EXERCISE —
Repeat the records below verbatim, and do not copy their pictures.

|---|

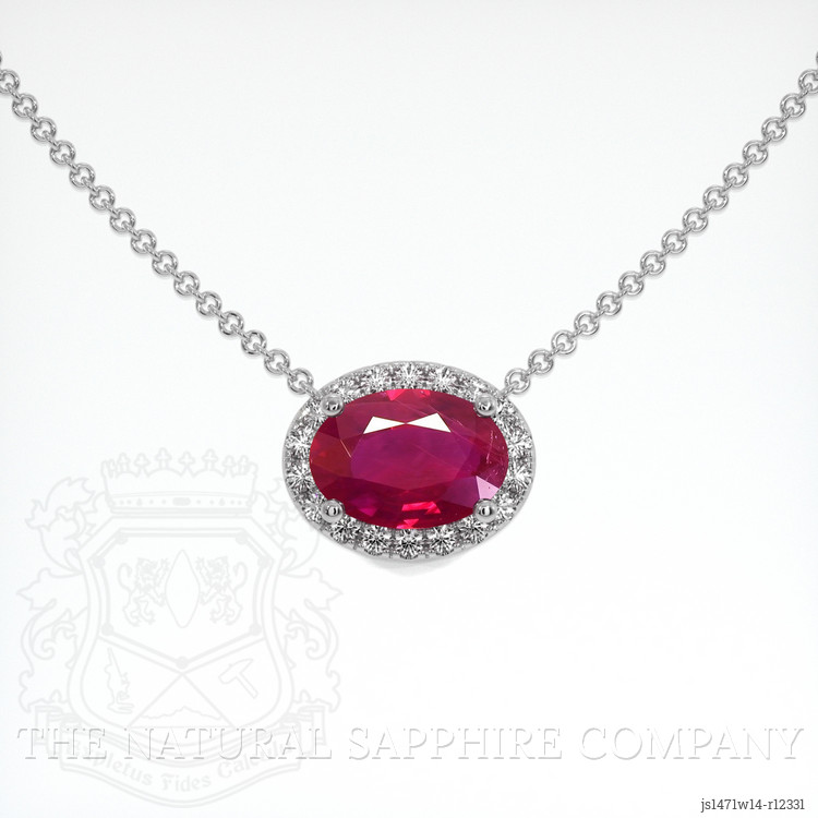 Steeped in the timeless allure of ancient lands, the pinkish red ruby at the heart of our exquisite necklace has its beginnings in the legendary hills of Burma (Myanmar). Measuring 0.82 carats, this captivating gem exudes an entirely unique charm, accentuated by the oval shape and mixed brilliant cut, which enhances its inherent beauty. The slightly included clarity adds character and depth, while the vivid color saturation brings forth a fiery intensity and light. Traditionally heralded as a symbol of power and passion, this ruby is infused with a legacy of history and mystery. The setting of 14K white gold serves as a lustrous canvas, magnifying the gem's natural radiance and bringing elegance to any attire it is paired with.
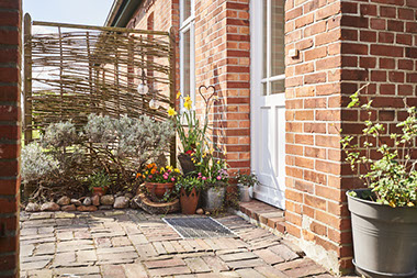 Vom Wohn-Essbereich oder dem Wintergarten aus treten Sie direkt auf die windgeschützte Terrasse und können gemütlich in der Sonne frühstücken.
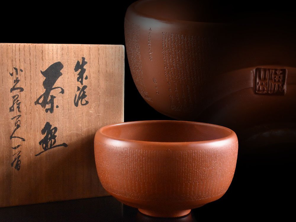 - 【雲】某収集家放出品 伝統工芸士 水上暁山 常滑焼 朱泥小久羅百人一首 茶碗 直径13cm 共箱 古美術品(旧家蔵出)CY584 CTDkjuy
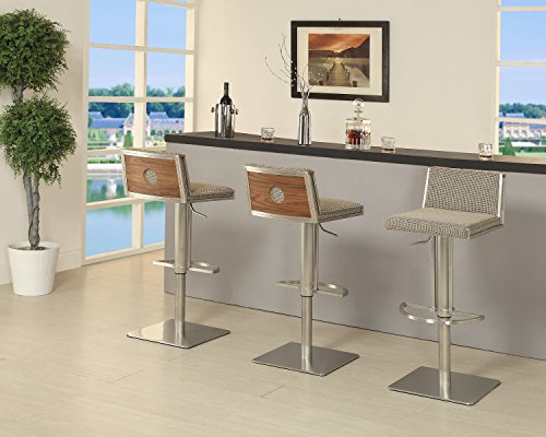 -. Binding : Kitchen -. Brand : AC Pacific -. Color : Beige -. EAN : 0756519676549 -. Feature : Constructed With A Walnut Veneer Backrest and Seat Frame and Upholstered With A Beige Cross Woven Fabric Padding For The Perfect Pairing of Elegance and Pleasure / Forged With a Sturdy Square Metal Base Made of Brushed Stainless Steel with a Curved Pedestal that Adds Class While Supporting Your Feet For Unsurpassable Sturdiness Plus Comfort / Built In Pneumatic Gas Lift Seat Lifts the Seat Elevation from 22" - 32" With Just The Flick Of An Easy Accessible Lift Handle Located Directly Under The Seat / Add A Sophisticated Look To Any Room In Your Home With This Walnut Veneer Framed Barstool Swivel Chair With Beige Plush Padded Seating That Offers A Full 360° Swivel Motion For Easy Maneuvering / Purchase with Confidence. Made and Manufactured by AC Pacific, Combining Comfort, Craftsmanship and Unique Designs Since 1995 -. Label : AC Pacific -. Manufacturer : AC Pacific -. Model : ACBS-ELIO -. MPN : ACBS-ELIO -. PackageQuantity : 1 -. PartNumber : ACBS-ELIO -. ProductGroup : Furniture -. ProductTypeName : HOME_FURNITURE_AND_DECOR -. Publisher : AC Pacific -. Size : 22"-32" -. Studio : AC Pacific -. Title : AC Pacific Contemporary Low Back Height Adjustable Swivel Stainless Steel Barstool, 22"-32", Beige -. UPC : 756519676549
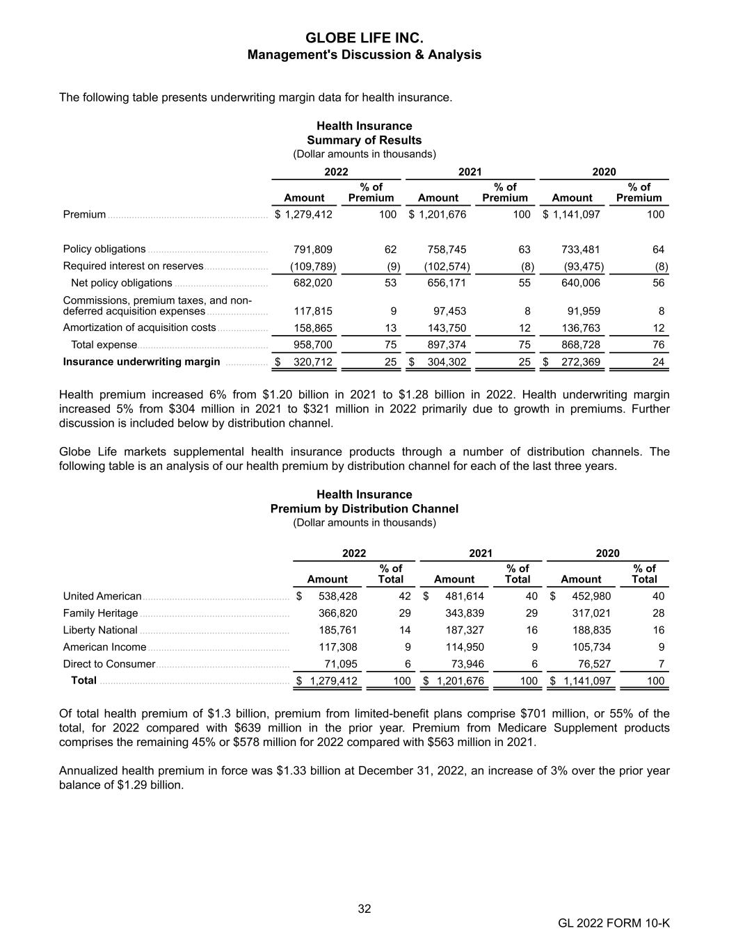 The following table presents underwriting margin data for health insurance. Health Insurance Summary of Results (Dollar amounts in thousands) 2022 2021 2020 Amount % of Premium Amount % of Premium Amount % of Premium Premium ............................................................ $ 1,279,412 100 $ 1,201,676 100 $ 1,141,097 100 Policy obligations ............................................. 791,809 62 758,745 63 733,481 64 Required interest on reserves........................ (109,789) (9) (102,574) (8) (93,475) (8) Net policy obligations ................................... 682,020 53 656,171 55 640,006 56 Commissions, premium taxes, and non- deferred acquisition expenses ....................... 117,815 9 97,453 8 91,959 8 Amortization of acquisition costs ................... 158,865 13 143,750 12 136,763 12 Total expense................................................. 958,700 75 897,374 75 868,728 76 Insurance underwriting margin ................ $ 320,712 25 $ 304,302 25 $ 272,369 24 Health premium increased 6% from $1.20 billion in 2021 to $1.28 billion in 2022. Health underwriting margin increased 5% from $304 million in 2021 to $321 million in 2022 primarily due to growth in premiums. Further discussion is included below by distribution channel. Globe Life markets supplemental health insurance products through a number of distribution channels. The following table is an analysis of our health premium by distribution channel for each of the last three years. Health Insurance Premium by Distribution Channel (Dollar amounts in thousands) 2022 2021 2020 Amount % of Total Amount % of Total Amount % of Total United American....................................................... $ 538,428 42 $ 481,614 40 $ 452,980 40 Family Heritage ........................................................ 366,820 29 343,839 29 317,021 28 Liberty National ........................................................ 185,761 14 187,327 16 188,835 16 American Income ..................................................... 117,308 9 114,950 9 105,734 9 Direct to Consumer.................................................. 71,095 6 73,946 6 76,527 7 Total ....................................................................... $ 1,279,412 100 $ 1,201,676 100 $ 1,141,097 100 Of total health premium of $1.3 billion, premium from limited-benefit plans comprise $701 million, or 55% of the total, for 2022 compared with $639 million in the prior year. Premium from Medicare Supplement products comprises the remaining 45% or $578 million for 2022 compared with $563 million in 2021. Annualized health premium in force was $1.33 billion at December 31, 2022, an increase of 3% over the prior year balance of $1.29 billion. GLOBE LIFE INC. Management's Discussion & Analysis 32 GL 2022 FORM 10-K

|---|

OUTPUT OF THE TASK —
 Steeped in the timeless allure of ancient lands, the pinkish red ruby at the heart of our exquisite necklace has its beginnings in the legendary hills of Burma (Myanmar). Measuring 0.82 carats, this captivating gem exudes an entirely unique charm, accentuated by the oval shape and mixed brilliant cut, which enhances its inherent beauty. The slightly included clarity adds character and depth, while the vivid color saturation brings forth a fiery intensity and light. Traditionally heralded as a symbol of power and passion, this ruby is infused with a legacy of history and mystery. The setting of 14K white gold serves as a lustrous canvas, magnifying the gem's natural radiance and bringing elegance to any attire it is paired with.
 Vom Wohn-Essbereich oder dem Wintergarten aus treten Sie direkt auf die windgeschützte Terrasse und können gemütlich in der Sonne frühstücken.
 - 【雲】某収集家放出品 伝統工芸士 水上暁山 常滑焼 朱泥小久羅百人一首 茶碗 直径13cm 共箱 古美術品(旧家蔵出)CY584 CTDkjuy
 -. Binding : Kitchen -. Brand : AC Pacific -. Color : Beige -. EAN : 0756519676549 -. Feature : Constructed With A Walnut Veneer Backrest and Seat Frame and Upholstered With A Beige Cross Woven Fabric Padding For The Perfect Pairing of Elegance and Pleasure / Forged With a Sturdy Square Metal Base Made of Brushed Stainless Steel with a Curved Pedestal that Adds Class While Supporting Your Feet For Unsurpassable Sturdiness Plus Comfort / Built In Pneumatic Gas Lift Seat Lifts the Seat Elevation from 22" - 32" With Just The Flick Of An Easy Accessible Lift Handle Located Directly Under The Seat / Add A Sophisticated Look To Any Room In Your Home With This Walnut Veneer Framed Barstool Swivel Chair With Beige Plush Padded Seating That Offers A Full 360° Swivel Motion For Easy Maneuvering / Purchase with Confidence. Made and Manufactured by AC Pacific, Combining Comfort, Craftsmanship and Unique Designs Since 1995 -. Label : AC Pacific -. Manufacturer : AC Pacific -. Model : ACBS-ELIO -. MPN : ACBS-ELIO -. PackageQuantity : 1 -. PartNumber : ACBS-ELIO -. ProductGroup : Furniture -. ProductTypeName : HOME_FURNITURE_AND_DECOR -. Publisher : AC Pacific -. Size : 22"-32" -. Studio : AC Pacific -. Title : AC Pacific Contemporary Low Back Height Adjustable Swivel Stainless Steel Barstool, 22"-32", Beige -. UPC : 756519676549
 The following table presents underwriting margin data for health insurance. Health Insurance Summary of Results (Dollar amounts in thousands) 2022 2021 2020 Amount % of Premium Amount % of Premium Amount % of Premium Premium ............................................................ $ 1,279,412 100 $ 1,201,676 100 $ 1,141,097 100 Policy obligations ............................................. 791,809 62 758,745 63 733,481 64 Required interest on reserves........................ (109,789) (9) (102,574) (8) (93,475) (8) Net policy obligations ................................... 682,020 53 656,171 55 640,006 56 Commissions, premium taxes, and non- deferred acquisition expenses ....................... 117,815 9 97,453 8 91,959 8 Amortization of acquisition costs ................... 158,865 13 143,750 12 136,763 12 Total expense................................................. 958,700 75 897,374 75 868,728 76 Insurance underwriting margin ................ $ 320,712 25 $ 304,302 25 $ 272,369 24 Health premium increased 6% from $1.20 billion in 2021 to $1.28 billion in 2022. Health underwriting margin increased 5% from $304 million in 2021 to $321 million in 2022 primarily due to growth in premiums. Further discussion is included below by distribution channel. Globe Life markets supplemental health insurance products through a number of distribution channels. The following table is an analysis of our health premium by distribution channel for each of the last three years. Health Insurance Premium by Distribution Channel (Dollar amounts in thousands) 2022 2021 2020 Amount % of Total Amount % of Total Amount % of Total United American....................................................... $ 538,428 42 $ 481,614 40 $ 452,980 40 Family Heritage ........................................................ 366,820 29 343,839 29 317,021 28 Liberty National ........................................................ 185,761 14 187,327 16 188,835 16 American Income ..................................................... 117,308 9 114,950 9 105,734 9 Direct to Consumer.................................................. 71,095 6 73,946 6 76,527 7 Total ....................................................................... $ 1,279,412 100 $ 1,201,676 100 $ 1,141,097 100 Of total health premium of $1.3 billion, premium from limited-benefit plans comprise $701 million, or 55% of the total, for 2022 compared with $639 million in the prior year. Premium from Medicare Supplement products comprises the remaining 45% or $578 million for 2022 compared with $563 million in 2021. Annualized health premium in force was $1.33 billion at December 31, 2022, an increase of 3% over the prior year balance of $1.29 billion. GLOBE LIFE INC. Management's Discussion & Analysis 32 GL 2022 FORM 10-K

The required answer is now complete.